Nebula and the rest of the superheroes had spent hours toiling on the rooftop gardens. It was their civic duty to pitch into the Heroes Keep Starlight Green campaign. Now the air smelled of sulfur and Jupiter was missing. Cecil paced, back and forth, back and forth. Restless and fidgety, his white gloves dripping with grease. Nebula watched him. Lately, she hadn't been able to stop.

She stood on the flower boxes, staring as Luna nursed her fluffy white wings. The beautiful hero that always made Nebula's heart skip beats combed oil off her wings with a fork. Nebula guessed she stole it from the restaurant downstairs. Her blue eyes burned like neon lights in the night, staring holes into Nebula's armor. Venus stretched on the roof slats, curled up with a Cheshire grin on her face. Mars practiced swinging her battle ax and Comet jogged laps, his version of Cecil's pacing. Levitating inches above the drowned pansies, Nebula spoke. Her blue biker helmet muffled her honey voice. "We have a few problems. And I hate to say it, but we're not doing so well against the baddies at the moment." Her cracked ribs throbbed double time as if in agreement.

"Nice comforting skills, asshole," Venus said, yawning as she cracked an eye open. Her short black hair curled behind her ears, wisps of it brushing her cheeks in the wind. She punched one of the garden boxes and the wood crumpled, pouring black goop on her fists. "If this being Captain Nebula stuff fails, maybe Captain Obvious can pass you the torch. You could captain the 'Depressing Stuff Everyone Knows but Doesn't Sant to Say' team. You'd be good at that!"

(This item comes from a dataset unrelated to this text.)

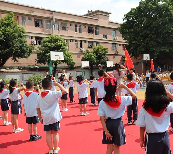 在大隊輔導員的帶領下,新隊員們高高舉起右拳,莊嚴宣誓,表示定會在星星火炬的指引下,牢記黨的教誨,全面發展,茁壯成長。隨后,梁鉅全同志為新隊員送上寄語:“希望你們以一名少先隊員的標準嚴格要求自己,主動向身邊的榜樣學習,向老隊員學習,做一名全面發展的優秀少先隊員。”最后,李楚娟老師帶領大家呼號。

Nebula crouched down, pulled up a wilted pansy, and chucked it at Venus's face. Venus squeaked and threw bits of wood at her. The night had gone to a bad start, and Cecil looked at Nebula with these sad, haunted eyes. It broke her, the way he looked at her through that mask. They still hadn't found Jupiter, and who knew what the villains were doing with him. Her gut clenched, her fists pressing bruises on her hip. Her body thrummed with energy, something like resolve, pure and cold. Jupiter was her friend, and one of her own. The villains wouldn't win this round.

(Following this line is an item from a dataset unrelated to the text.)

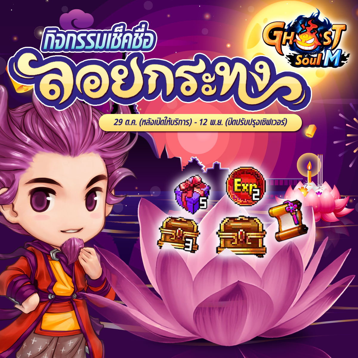 กิจกรรมเช็คชื่อวันลอยกระทง ช่วงนี้ปราบผีก็จะหนักๆ กันหน่อย Ghost Soul M ขอแจกของขวัญรับเทศกาลวันลอยกระทง

"Hey, Venus. I miss Jupiter too. Fallout and Cleo and Owl are all terrible and they have our friend, but we're not letting them get away." She drew up her breath. Puffed out her chest. "Luna has volunteered to help us, here. Right, Lunes?"

Luna tucked a strand of white hair behind her ear and glared up at the stars. Her eyes shone with such rage Nebula thought she'd try to punch the moon out of the sky. With a shuddering sigh, her hands stiff at her sides as she shuffled toward the edge of the roof. "I'm only doing this because I have to. None of you have the right blood." She spat a glob over the side. She held up a Quatro blade, held up her arm. Nebula looked away and Cecil starred in a sort of horror that was unusual for him. But then again, everything he did seemed unusual for him, now that Jupiter was gone. It made Nebula's heart sad. And suspicious. 

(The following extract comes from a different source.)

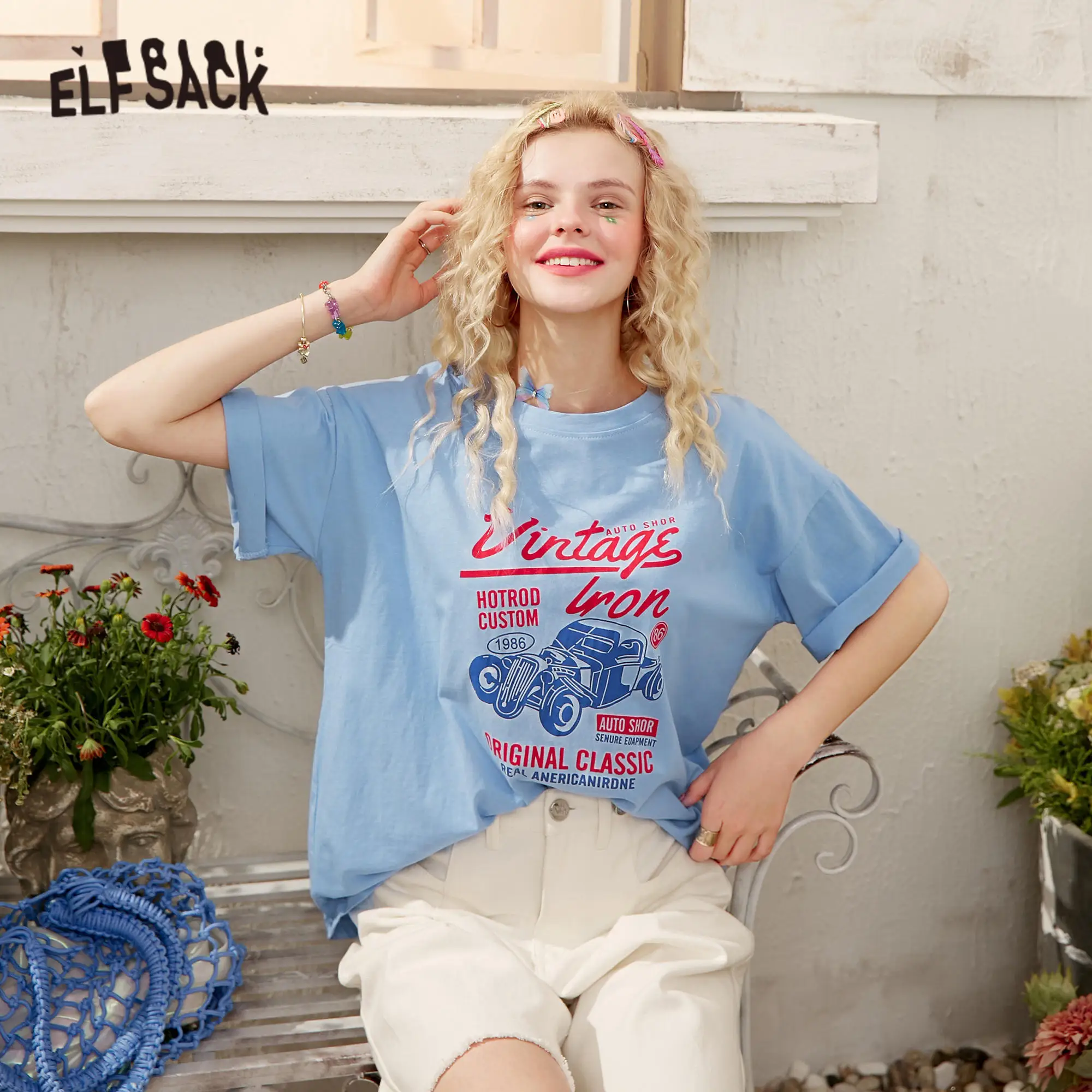 Женская Винтажная Футболка с принтом elfsack, летняя футболка в стиле Харадзюку С Длинным Рукавом и принтом

She hated her suspicion, hated that she couldn't trust her own husband. But she was scared for him, and with the villains prowling around, there were few she could trust. Her head throbbed. Her chest ached. She risked a glance back at Luna, swallowing back her revulsion. Some primitive part of her wanted to scream "stop!" and run over to her bleeding friend with iodine and a bandage bundle. The super's blood glowed purple against the black of Fallout's residue. Luna closed her eyes, focused hard. Her face went blank and impassive, like the moon she was named after. She held her fingers against her bleeding pulse. Purple flames curled into the sky, forming a net over the city. Lines, making little squares as far as Nebula could see. Her chest heaved. The violet grid sparkled against the stars, like silk threads. It was beautiful, and it made Nebula sad.